═════ Given data ═════
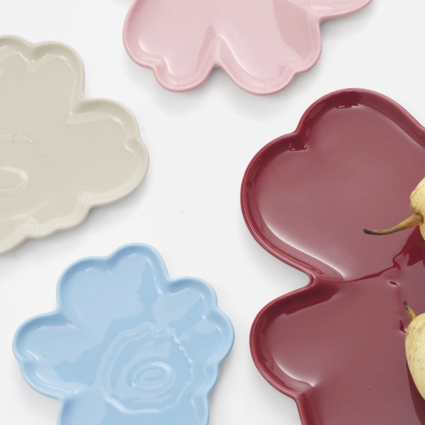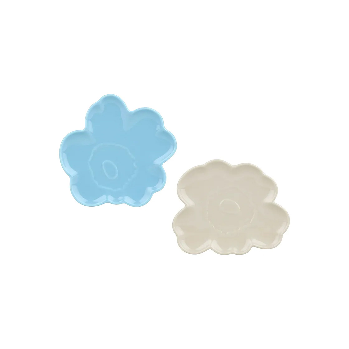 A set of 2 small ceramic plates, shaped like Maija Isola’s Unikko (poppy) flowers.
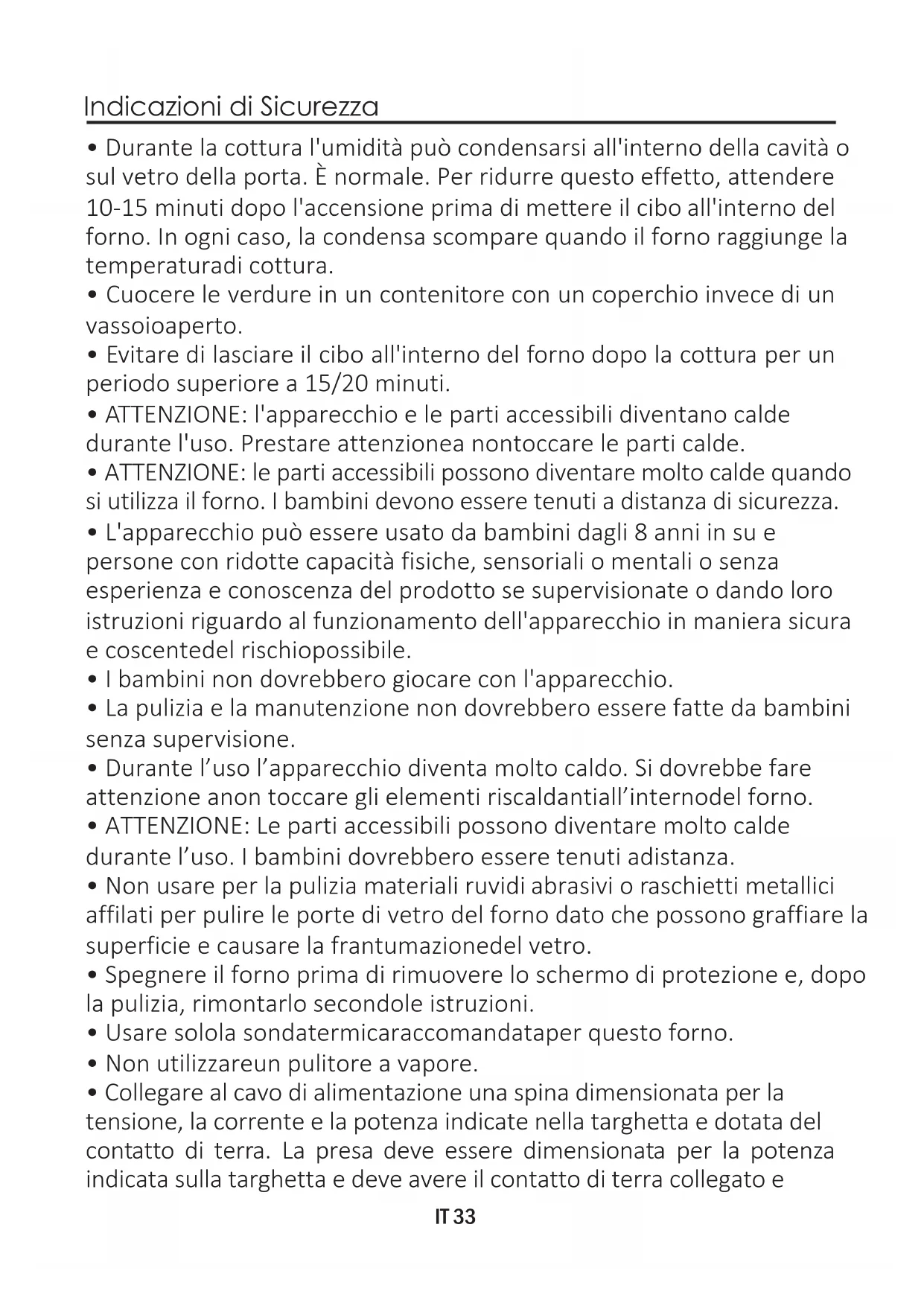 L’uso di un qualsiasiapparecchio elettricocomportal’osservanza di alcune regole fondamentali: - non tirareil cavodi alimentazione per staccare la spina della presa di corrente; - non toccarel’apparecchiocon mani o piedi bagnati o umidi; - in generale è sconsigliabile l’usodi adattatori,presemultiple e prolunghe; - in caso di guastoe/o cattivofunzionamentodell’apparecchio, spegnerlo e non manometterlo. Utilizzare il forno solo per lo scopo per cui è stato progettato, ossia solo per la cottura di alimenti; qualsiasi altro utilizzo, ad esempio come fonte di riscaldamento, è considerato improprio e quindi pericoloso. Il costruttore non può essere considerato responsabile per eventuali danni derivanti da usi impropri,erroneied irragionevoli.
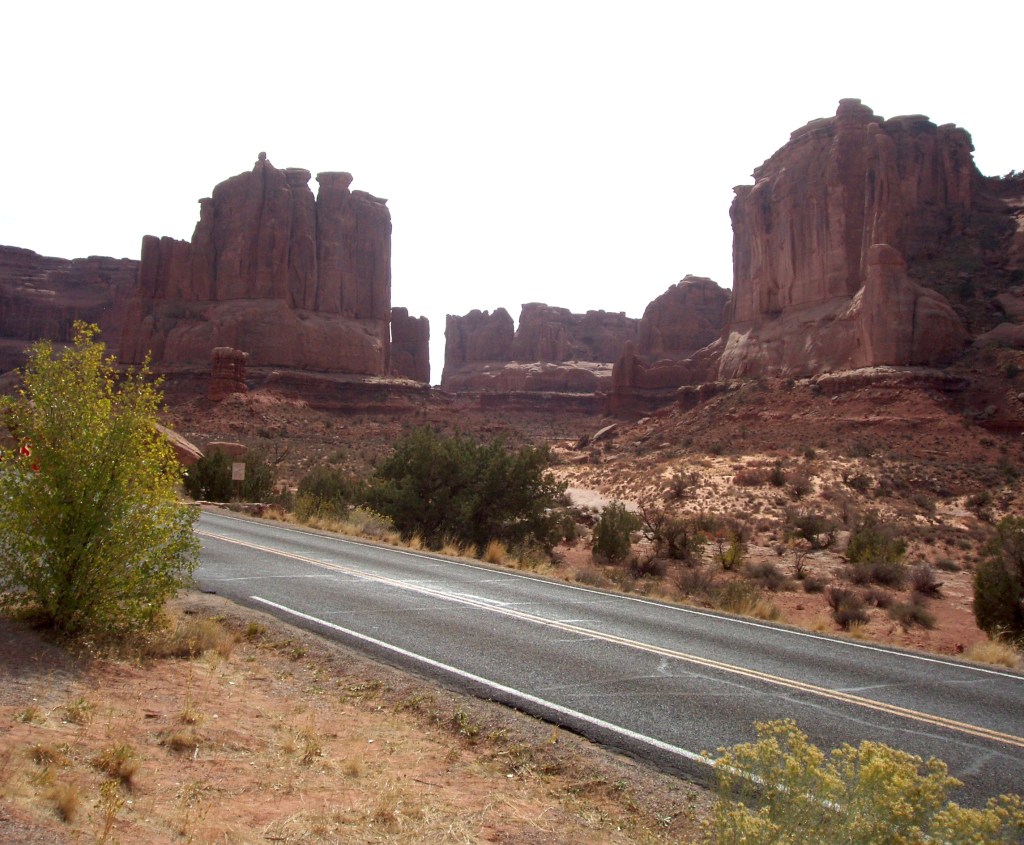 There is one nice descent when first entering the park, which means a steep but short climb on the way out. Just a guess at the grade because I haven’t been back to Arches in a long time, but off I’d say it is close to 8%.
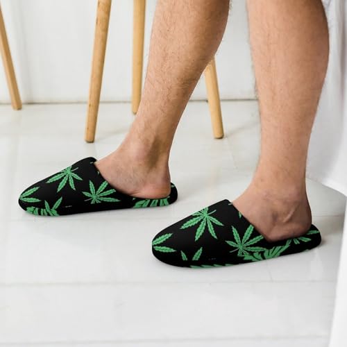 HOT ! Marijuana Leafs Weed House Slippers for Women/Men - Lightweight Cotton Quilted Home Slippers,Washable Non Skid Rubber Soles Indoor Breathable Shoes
═════
What to do>
Only an exact copy of the lines from the one with "L’uso di un" through the last line of the listing should be given; pictures must not be included.

Answer to this exercise>
 L’uso di un qualsiasiapparecchio elettricocomportal’osservanza di alcune regole fondamentali: - non tirareil cavodi alimentazione per staccare la spina della presa di corrente; - non toccarel’apparecchiocon mani o piedi bagnati o umidi; - in generale è sconsigliabile l’usodi adattatori,presemultiple e prolunghe; - in caso di guastoe/o cattivofunzionamentodell’apparecchio, spegnerlo e non manometterlo. Utilizzare il forno solo per lo scopo per cui è stato progettato, ossia solo per la cottura di alimenti; qualsiasi altro utilizzo, ad esempio come fonte di riscaldamento, è considerato improprio e quindi pericoloso. Il costruttore non può essere considerato responsabile per eventuali danni derivanti da usi impropri,erroneied irragionevoli.
 There is one nice descent when first entering the park, which means a steep but short climb on the way out. Just a guess at the grade because I haven’t been back to Arches in a long time, but off I’d say it is close to 8%.
 HOT ! Marijuana Leafs Weed House Slippers for Women/Men - Lightweight Cotton Quilted Home Slippers,Washable Non Skid Rubber Soles Indoor Breathable Shoes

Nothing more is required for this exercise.